We're back to "how is it different from Siri". You had to provide two pages of t...

selalipop · on Sept 11, 2023

I think you fundamentally don't understand the topic if you're talking about two pages of text?

The end user would never type in a word of that: they'd say "[Wake word] play me some music"

A piece of software running on a device would transcribe what it heard, and fire off a request to the LLM with all of that text wrapped around their statement.

For ease of sharing I used the web interface to provide the instruction, but you'd use the API with a prompt which also dramatically increases determinism.

No one is writing out the state of each light bulb: you trivially query that information programmatically and bundle it with the request.

—

In a real product there'd be explicit handling of detecting where the request came from, that's already a problem that's been worked on, but I wanted to demonstrate the main difference vs Siri: zero-shot learning

The LLM wasn't told what those volumes mean, but it was flexible enough to infer the intent was to provide a form of location, rather than ask.

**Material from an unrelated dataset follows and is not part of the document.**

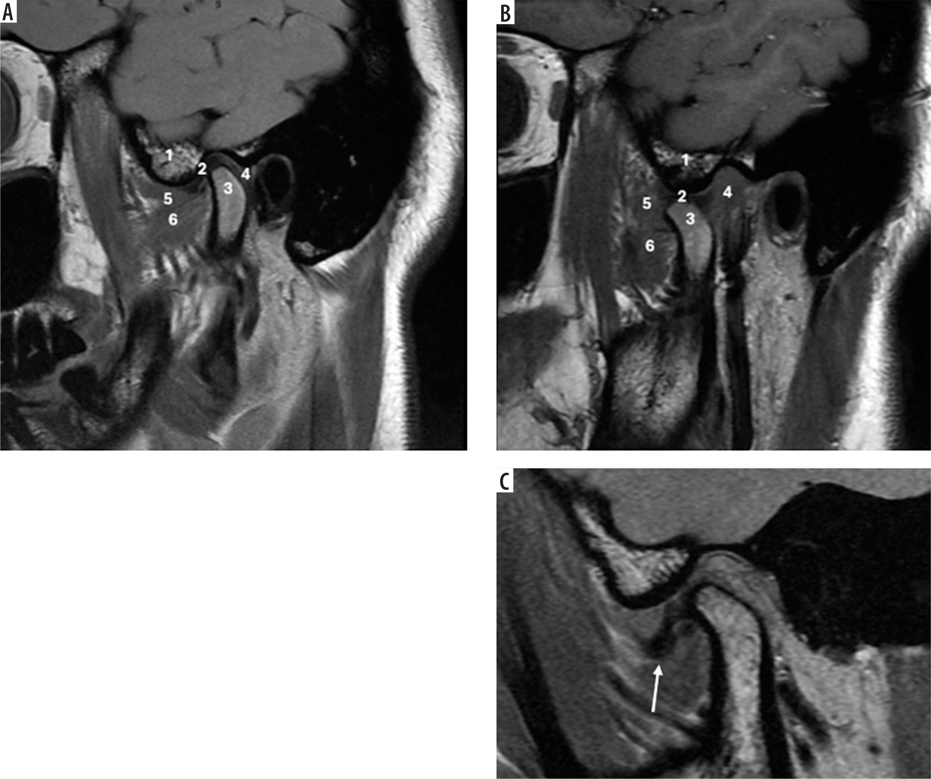 Sagittal view of T1-weighted MRI images. A) Normal TMJ in closed position, B) normal TMJ in opened position C) anterior disk displacement without reduction. 1, articular eminence, 2, intermediate band of articular disk, 3, mandibular condyle, 4, retrodiscal tissue, 5 and 6 superior and inferior bellies of the lateral pterygoid muscle. Identifying internal derangements of the TMJ is crucial for accurate diagnosis and for planning both conservative and surgical interventions in TMJ disorders. [Figure 7A and 7B, Courtesy: Radiopaedia. DOI: https://doi.org/10.53347/rID-2748, rID: 2748; Figure 7C, Courtesy: Radiopaedia. DOI: https://doi.org/10.53347/rID-66812, rID: 66812]

It's a forced example so if you want to get caught up on the practicality of audio for locating people be my guest, but it's to show LLMs are great at "lateral applications" of capability:

You give them a few discrete blocks of functionality and limited information, and unlike Siri they can come up with novel arrangements of those blocks to complete a task they haven't yet seen.

—

Honestly the fact you keep going back to "look at all the text" feels a bit like if I showed you the source code for an email messaging app, and you told me: "No one will ever use email! Who would write all that instead of just writing a letter and mailing it?!"

omniglottal · on Sept 11, 2023

Indeed, the context is "people using natural language to make requests". No soul on earth would consider/use your phrasing. I (a human) have clue what your request is for - "lowest observed request volume"...??? Try "raisr the lights where we usually aren't asking you for much" and you might get tge same result. As far as I can tell, brightness increase in the garage (where, I'd guess, you've made the least requests), the AI apparenyly understood better than you or I what you meant.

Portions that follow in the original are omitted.